Furthermore, there was no difference in MRD clearance between FLAMSA-Bu and conventional RIC treatment at Day 42.

Following use of an unsupervised computational approach to analyze flow cytometric sample files, alongside stringent criteria to select patients with the most extensive immunophenotypic blast aberrancies (quantifiable, unsupervised multiparameter flow cytometric-MRD in at least two different antibody combinations), 2-year CIR after allo-HSCT was 50.5% for MRD-positive patients compared with 20.6% for those with a negative or equivocal test (p < 0.001). Relapse prediction accuracy was 73%.
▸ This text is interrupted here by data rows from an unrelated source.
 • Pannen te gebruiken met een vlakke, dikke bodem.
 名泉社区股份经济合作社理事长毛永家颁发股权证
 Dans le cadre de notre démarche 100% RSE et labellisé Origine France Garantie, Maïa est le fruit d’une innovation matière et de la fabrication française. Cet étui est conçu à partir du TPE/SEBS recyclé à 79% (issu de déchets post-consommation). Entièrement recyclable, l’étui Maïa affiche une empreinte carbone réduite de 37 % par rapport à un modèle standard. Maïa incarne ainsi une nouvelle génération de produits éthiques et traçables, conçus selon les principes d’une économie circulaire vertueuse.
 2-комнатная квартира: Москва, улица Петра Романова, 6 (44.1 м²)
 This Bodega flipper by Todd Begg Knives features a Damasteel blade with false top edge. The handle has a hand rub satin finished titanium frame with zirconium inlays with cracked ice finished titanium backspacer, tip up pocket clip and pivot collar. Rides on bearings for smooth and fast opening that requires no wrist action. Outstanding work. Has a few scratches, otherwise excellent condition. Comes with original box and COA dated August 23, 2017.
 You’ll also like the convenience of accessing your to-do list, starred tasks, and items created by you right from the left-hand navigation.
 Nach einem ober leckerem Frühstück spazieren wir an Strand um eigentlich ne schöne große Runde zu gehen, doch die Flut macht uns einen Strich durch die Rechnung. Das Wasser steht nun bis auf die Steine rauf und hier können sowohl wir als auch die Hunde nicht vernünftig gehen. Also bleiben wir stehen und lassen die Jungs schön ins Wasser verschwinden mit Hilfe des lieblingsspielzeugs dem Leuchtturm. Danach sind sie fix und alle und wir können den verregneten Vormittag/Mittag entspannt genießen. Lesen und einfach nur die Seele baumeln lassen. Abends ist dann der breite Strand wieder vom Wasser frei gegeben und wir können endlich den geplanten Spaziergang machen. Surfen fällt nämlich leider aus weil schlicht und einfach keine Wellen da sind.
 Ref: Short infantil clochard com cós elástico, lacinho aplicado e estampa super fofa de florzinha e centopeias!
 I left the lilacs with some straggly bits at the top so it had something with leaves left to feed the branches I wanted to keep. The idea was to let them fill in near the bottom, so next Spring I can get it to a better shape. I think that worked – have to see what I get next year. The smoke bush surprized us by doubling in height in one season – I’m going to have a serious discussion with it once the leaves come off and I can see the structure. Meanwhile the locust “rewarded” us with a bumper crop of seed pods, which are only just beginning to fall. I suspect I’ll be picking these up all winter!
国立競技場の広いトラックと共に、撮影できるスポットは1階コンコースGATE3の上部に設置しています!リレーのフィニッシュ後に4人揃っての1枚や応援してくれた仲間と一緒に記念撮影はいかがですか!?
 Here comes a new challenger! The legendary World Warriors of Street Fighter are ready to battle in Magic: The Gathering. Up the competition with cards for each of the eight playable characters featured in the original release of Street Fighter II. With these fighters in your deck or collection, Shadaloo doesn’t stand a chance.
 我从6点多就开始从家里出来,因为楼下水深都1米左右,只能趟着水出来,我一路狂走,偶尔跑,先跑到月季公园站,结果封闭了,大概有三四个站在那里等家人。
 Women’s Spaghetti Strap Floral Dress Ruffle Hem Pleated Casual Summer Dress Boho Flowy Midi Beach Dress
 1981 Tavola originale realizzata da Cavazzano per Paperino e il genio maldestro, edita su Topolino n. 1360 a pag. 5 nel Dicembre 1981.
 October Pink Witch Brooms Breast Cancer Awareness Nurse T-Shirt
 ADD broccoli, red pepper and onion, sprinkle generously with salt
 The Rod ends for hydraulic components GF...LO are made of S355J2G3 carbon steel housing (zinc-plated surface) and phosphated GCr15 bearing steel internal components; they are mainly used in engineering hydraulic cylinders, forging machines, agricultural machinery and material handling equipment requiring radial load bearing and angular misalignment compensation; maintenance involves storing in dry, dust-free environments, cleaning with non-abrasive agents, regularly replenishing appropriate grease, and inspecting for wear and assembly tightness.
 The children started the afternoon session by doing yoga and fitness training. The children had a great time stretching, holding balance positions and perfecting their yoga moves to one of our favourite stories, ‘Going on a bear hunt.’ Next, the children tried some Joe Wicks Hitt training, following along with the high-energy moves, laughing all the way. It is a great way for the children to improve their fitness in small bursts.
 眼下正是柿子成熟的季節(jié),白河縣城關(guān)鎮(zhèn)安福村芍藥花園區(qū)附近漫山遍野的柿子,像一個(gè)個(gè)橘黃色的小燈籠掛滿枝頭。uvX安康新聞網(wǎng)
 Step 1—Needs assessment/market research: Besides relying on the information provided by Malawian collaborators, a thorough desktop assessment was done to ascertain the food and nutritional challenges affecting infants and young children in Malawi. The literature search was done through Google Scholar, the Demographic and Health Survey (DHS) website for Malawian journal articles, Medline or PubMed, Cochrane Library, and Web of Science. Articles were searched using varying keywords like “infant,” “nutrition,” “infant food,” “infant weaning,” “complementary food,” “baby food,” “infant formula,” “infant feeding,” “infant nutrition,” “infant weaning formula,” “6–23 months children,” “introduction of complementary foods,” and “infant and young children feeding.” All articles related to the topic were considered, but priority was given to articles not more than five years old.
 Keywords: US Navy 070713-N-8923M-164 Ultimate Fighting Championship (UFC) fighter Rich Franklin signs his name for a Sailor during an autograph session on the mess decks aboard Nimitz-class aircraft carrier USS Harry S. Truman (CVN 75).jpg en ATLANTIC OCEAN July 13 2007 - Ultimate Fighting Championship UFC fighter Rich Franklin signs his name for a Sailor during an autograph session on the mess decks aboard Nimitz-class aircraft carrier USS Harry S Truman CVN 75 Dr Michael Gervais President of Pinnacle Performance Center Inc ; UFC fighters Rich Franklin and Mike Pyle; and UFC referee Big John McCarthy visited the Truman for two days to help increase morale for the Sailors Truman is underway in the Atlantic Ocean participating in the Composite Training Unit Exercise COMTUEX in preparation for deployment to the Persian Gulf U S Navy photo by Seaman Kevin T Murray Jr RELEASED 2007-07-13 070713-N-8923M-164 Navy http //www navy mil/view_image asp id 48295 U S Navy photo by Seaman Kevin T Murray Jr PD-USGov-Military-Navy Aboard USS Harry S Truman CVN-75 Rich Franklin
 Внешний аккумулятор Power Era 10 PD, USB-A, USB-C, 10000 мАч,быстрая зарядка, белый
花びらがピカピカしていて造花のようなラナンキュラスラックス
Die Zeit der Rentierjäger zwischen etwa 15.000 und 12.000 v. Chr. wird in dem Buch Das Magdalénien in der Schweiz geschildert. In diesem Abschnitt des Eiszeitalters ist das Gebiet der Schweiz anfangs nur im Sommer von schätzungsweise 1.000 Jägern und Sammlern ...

Acquisition of full donor T cell chimerism (FDTCC) was similar between the FLAMSA-Bu and control arms and it was unaffected by pretransplant MRD status. Interestingly, acquisition of FDTCC 3 months after allo-HSCT was associated with lower 2-year CIR (13.1%; 95% CI, 7.3–20.5) when compared with patients who did not have FDTCC at 3 months (44.8%; 95% CI, 30.0–58.3; p < 0.001). Relapse and OS rates were similar between patients with and without pre-transplant MRD positivity.

Conclusion

Use of the intensified RIC regimen FLAMSA-Bu did not improve allo-HSCT outcomes in patients with high‑risk AML or MDS, regardless of pretransplant flow cytometric MRD status. However, pretransplant MRD status was correlated with an increased risk of relapse by both conventional and unsupervised analyses. The authors also proposed that acquisition of FDTCC may alleviate the adverse prognosis given by pretransplant MRD positivity and has potential as an approach to improve outcomes in patients transplanted with an RIC regimen.